AI Technical Summary

Benefits of technology

[0188] According to the method of Pannala, A.S. et al. (Free Radic. Biol. Med., 24:594-606, 1998), the examination was carried out. Namely, tyrosine (final concentration: 100 μM), the test compound (final concentration: 0.1, 0.5, 2.5 and 5 mM) and peroxynitrite (Dojin Kagaku) (final concentration: 500 μM) were dissolved in 200 mM of phosphate buffer (pH7.4) (liquid volume 500 μL) and incubated at 37° C. for 15 minutes. After incubation, the nitrotyrosine formation was determined with HPLC in the following manner: after a predifined time, the reaction mixture (20 μL) was injected onto HPLC, separation was made with C18 column (4.6×250 mm, 5 μm: Waters) and the detection was effected using a ultraviolet detector (RF-10A: Shimazu Seisakusho) at a wavelength of 280 nm. In the mobile phase, the flow rate was 0.6 mL / min and the concentration of buffer B was varied from 5.0% to 30% in 30 minutes (buffer A: 0.10% trifluoroacetic acid; buffer B: 80% acetonitrile containing 0.08% trifluoroacetic acid). 4-Hydroxy-3-nitrobenzoic acid (100 μM) was used as the internal standard. The result is shown in FIG. 3.
[0189] 4-(5-Phenyltetrazol-1-ylmethyl)-morpholine (Compound 1), 5-methyl-1-(5-phenyltetrazol-1-ylmethyl)-3a,6a-dihydro-1H-pyrrolo[3,4-d][1,2,3]triazol-4,6-dione (Compound 2) and (5-phenyltetrazol-1-yl)methanol (Compound 3) suppressed remarkably the tyrosine formation by nitration of tyrosine in comparison with pyridoxamine (Sigma) as the positive control.
[0190] 4-(5-phenyltetrazol-1-ylmethyl)-morpholine (Compound 1), 5-methyl-1-(5-phenyltetrazol-1-ylmethyl)-3a,6a-dihydro-1H-pyrrolo[3,4-d][1,2,3]triazol-4,6-dione (Compound 2) and (5-phenyltetrazol-1-yl)methanol (Compound 3) as well as aminoguanidine as the positive control were each dissolved in DMSO in a designed concentration to make a sample solution. DMSO itself was used as the negative control. In addition, pyridoxal phosphate (PLP) was dissolved in purified-water to make a designed concentration. PBS was added to each of the test compound, the positive control and the negative control, to make a final concentration of 500 μM. The PLP solution as above prepared was added to each of the resultant solution to make a final concentration of 50 μM for preparation of the PLP reaction solution.

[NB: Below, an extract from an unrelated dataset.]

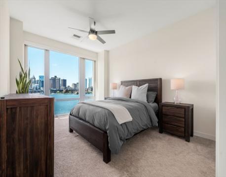 Welcome to the pinnacle of luxury at Slip65 Condominiums, where sleek design meets stunning water and skyline views. Perched on the 5th floor, this front-facing residence boasts dramatic floor-to-ceiling windows and a 15-foot private balcony, offering unobstructed, panoramic views. Inside you'll enjoy an open layout with hardwood floors, a spacious primary suite, in-unit laundry, and the rare convenience of elevator access to two garage parking spots. Slip65 offers a resort-style lifestyle with unmatched amenities: a 24/7 concierge, cutting-edge fitness center, sleek resident lounge with a chef’s kitchen, a sprawling outdoor terrace with grills, a dog park and pet spa, kayak + bike storage, EV chargers, and even boat docks, your direct gateway to the water. With the MBTA Blue Line at Maverick Station and the ferry just steps away, your connection to downtown is effortless. Don’t miss this rare opportunity to own one of East Boston’s most coveted waterfront residences.
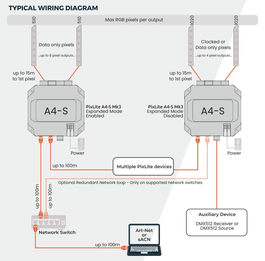 Simplify your network infrastructure by daisy chaining PixLite controllers together. Maintain high network reliability by optionally connecting a redundant Ethernet line to any loop with a suitable switch.

Using HPLC, the amount of PLP in the PLP reaction solution was determined after 0.1 and 10 hours, from which the PLP trapping amount of each test compound was ascertained.
[0191] The analysis of PLP using HPLC was carried out by separation with reverse-phase C18 column (4.6×250 mm, 5 μm; Waters) and by using a fluorescence detector (RF-10A; Shimazu Seisakusho; excitation wavelength, 300 nm and fluorescence wavelength, 400 nm). In the mobile phase, the flow rate was 0.6 mL / min and the concentration of buffer B was varied from 0% to 3% in 25 minutes (buffer A: 0.10% trifluoroacetic acid; buffer B: 80% acetonitrile containing 0.08% trifluoroacetic acid). The PLP residual rate is shown in FIG. 4.
[0192] As the results, aminoguanidine as the positive control showed remarkable PLP trapping but none of 4-(5-phenyltetrazol-1-ylmethyl)-morpholine (Compound 1), 5-methyl-1-(5-phenyltetrazol-1-ylmethyl)-3a,6a-dihydro-1H-pyrrolo[3,4-d][1,2,3]triazole-4,6-dione (compound 2) and (5-phenyltetrazol-1-yl)methanol (Compound 3) showed PLP trapping.
[0193] For 4-(5-phenyltetrazol-1-yl methyl)-morpholine (compound 1) and (5-phenyltetrazol-1-yl)methanol (compound 3), their sorbability were examined. Each compounds are suspended in carboxymethyl cellulose in given concentration to prepare sample for oral administration. Then each samples were administered in the ratio of 50 mg / kg to rat using sonde. Five Wister rats (male, 8 weeks aged, closed colony) were used every one group. At one hour, 2 hours, 6 hours and 24 hours after the administration of compound, blood was obtained. The obtained blood samples were immediately cetrifuged at 3000 rpm for 15 minutes to obtain the blood plasma and the concentration of the compound in the specimen was quantitated by HPLC. Briefly, to 100 μL of obtained blood plasma was added to 200 μL of acetonitrile, centrifuged at 12000 rpm for 10 minutes to obtain supernatant, deproteinized and served to HPLC. The measuring condition of HPLC was selected from suitable condition for each compounds to separate and quantify. For example, in case of 4-(5-phenyltetrazol-1-yl methyl)-morpholine (compound 1), separated with reverse-phase C18 column (4.6×250 mm, 5 μm: Waters), and then detected using ultraviolet detector (RF-10A: Shimazu Seisakusho) at 240 nm of wavelength to quantify. In mobile phase, the flow rate is 0.8 mL / min and solvent is water: acetonitrile. The result is shown in FIG. 5. Every compounds indicate good sorbability.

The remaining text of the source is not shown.